Но время шло. Дождь закончился. Страсти постепенно улеглись, тем более что завалилась жердь, к которой был прикован Шах Вали, и конструкция бунгало тут же рассыпалась. Шишоиды пересели на любимую лавку, а Лямкин благополучно забрал свою цепь. Близилось время, на которое было назначено в договоренности с Бауловским и Убожкиным, собиравшим в этот час митинг у терминала, лямкинская граффити-акция на броунолохранилище. Даже шишоиды решили поприсутствовать на митинге, чтобы Шишов запомнил надолго свое день рождение.
Этот предвечер был омерзительным в смысле испарений, исходивших от закономерного водного пространства, образовавшегося в результате дневных дождевых потоков, обильно ливших из нависших над городом смрадно-сферических туч.
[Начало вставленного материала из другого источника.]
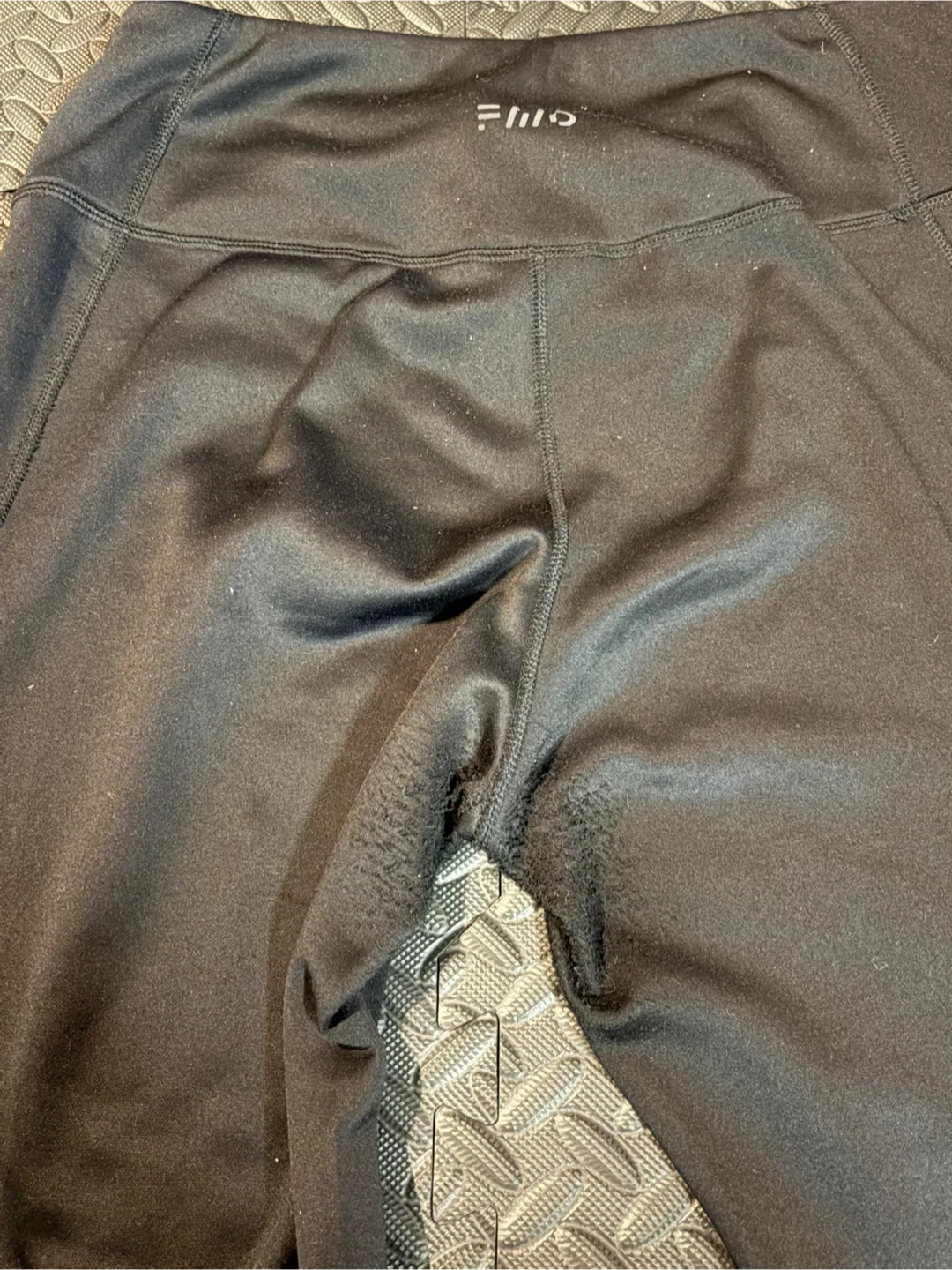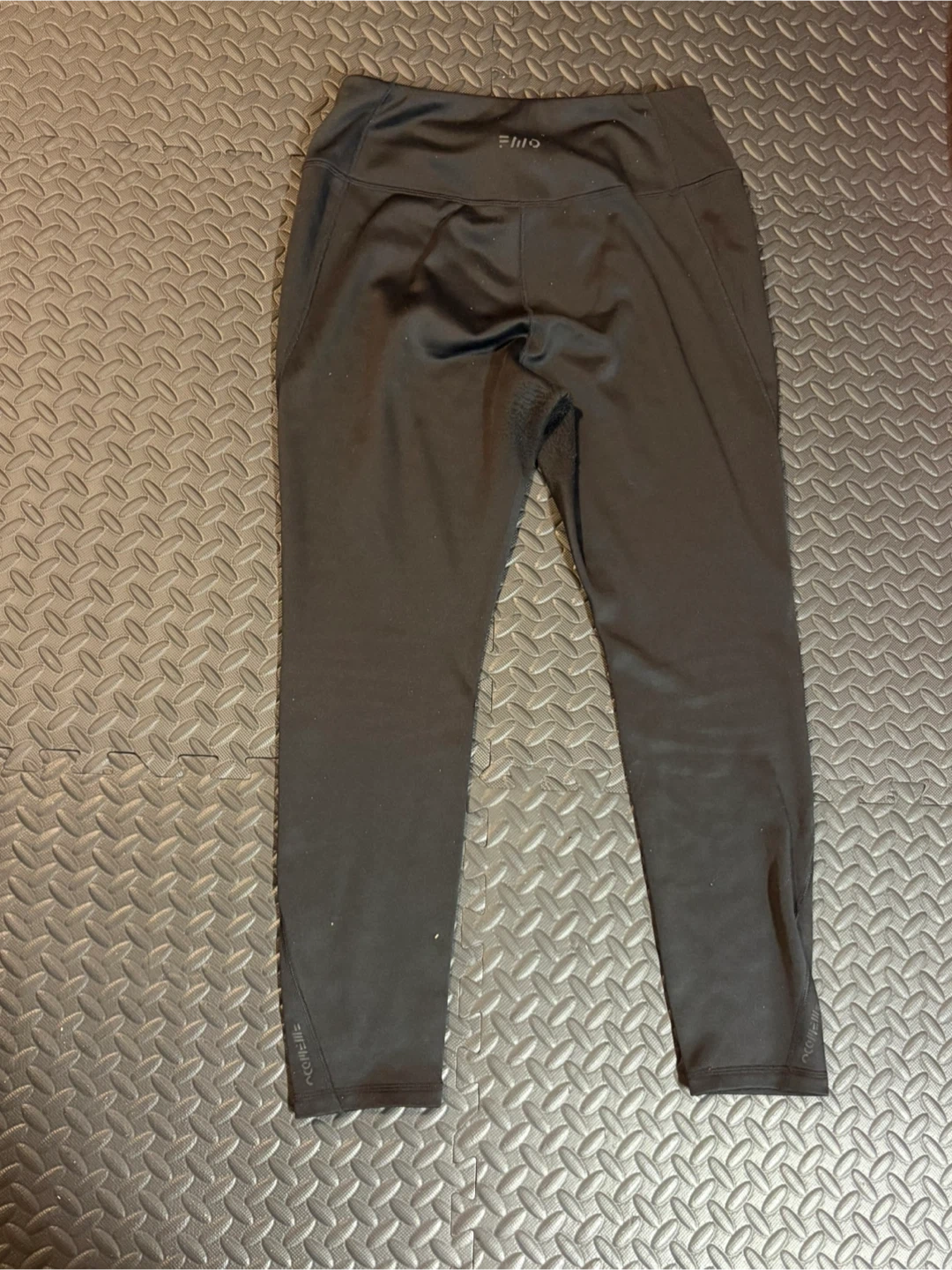 Black fleece lined active leggings, great for base layer or on their on. Some pilling is visible on the inner thigh area.

Излетное солнце превращало воду в пар, который, смешавшись с запахом загаженного антиброунольщиками пространства, отвратно действовал на бронхи и мозги людей, в большом количестве собравшихся перед терминалом.
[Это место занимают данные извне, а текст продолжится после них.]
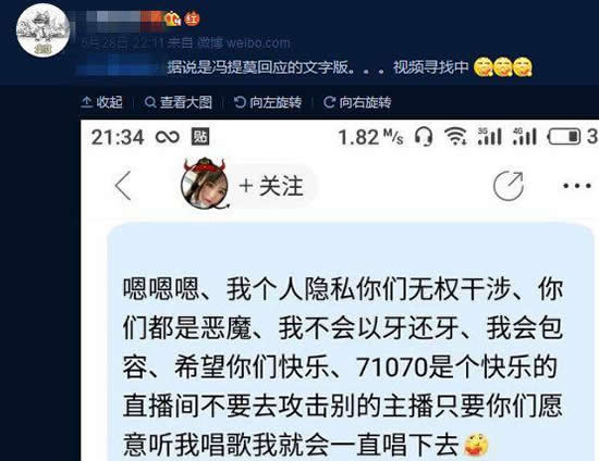 冯提莫称“我的个人隐私你们无权干涉,而且我会包容不会以牙还牙,这样并不会让你进步。有人说我会骂人,骂别的主播,但其实保持开心乐观才是我最想看到的,71070是个快乐的直播间,不会去攻击别的主播,只要你们愿意听我唱歌,我就会一直唱下去”。这次回应冯提莫也是全程保持淡定,在粉丝们的火箭中淡定的说完这些话,也算是首次正面的回应这一整件事了吧。
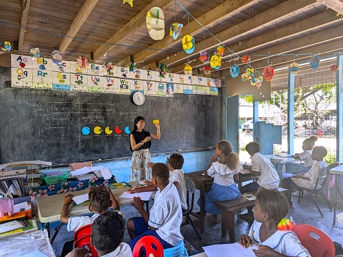 上瀧桃佳さん(ソロモン派遣、職種:小学校教育、千葉県出身)は、ガダルカナル州のセントメリー・タナガイ小学校にて、算数教育の質向上に取り組みました。教員の授業力向上と児童の学習意欲・学力向上を目標に掲げ、現地教員を対象とした研修会を継続的に実施しました。こうした取り組みにより、教員が自ら授業計画を考え、児童主体の授業が行われるようになりました。さらに、児童の学習意欲を高めるために、視覚的にわかりやすい教材やゲームを授業に取り入れるなどの工夫を提案しました。

Забойной силой протестантов была как всегда женская часть жителей Глумомирска, разъяренно кричавшая о дурдомовских корнях терминальщиков. Митинг с самого начала пошел по иному сценарию, чем разрабатывавшийся в убожкинских мозгах. Вместо сжигания чучел терминальщиков народ требовал сжечь их живьем. Все самое интересное происходило около самого входа на стройку. Здесь столпились все силы антиброунольщиков. Отгороженные от входа цепочкой стражей порядка протестующие скублились возле них, не зная, что делать. Глумомирцы с большим количеством обойных плакатов, Бауловский с Сумкиной, антитерминальные богоискатели Вовы Бога, Шишов со своими людьми, Пургин с друзьями политтехнологами, клуб Ламивитского, староверцы Глухобредова и офицеры Колбина, бесхозные горожане, единичные пролетарии заняли места, соответствующие ранжированной политичности. Ядро протеста составили глумомирцы с плакатами, возле них стиснулась табельные политактивисты от Бауловского до ламивитных, по периметру расположились портупейные староверцы и офицеры, в общей массе обывателей расхаживали политтехнологи, на самой отдаленной периферии маячили одинокие, случайные рабочие. Все это зрелище снимало местное телевидение.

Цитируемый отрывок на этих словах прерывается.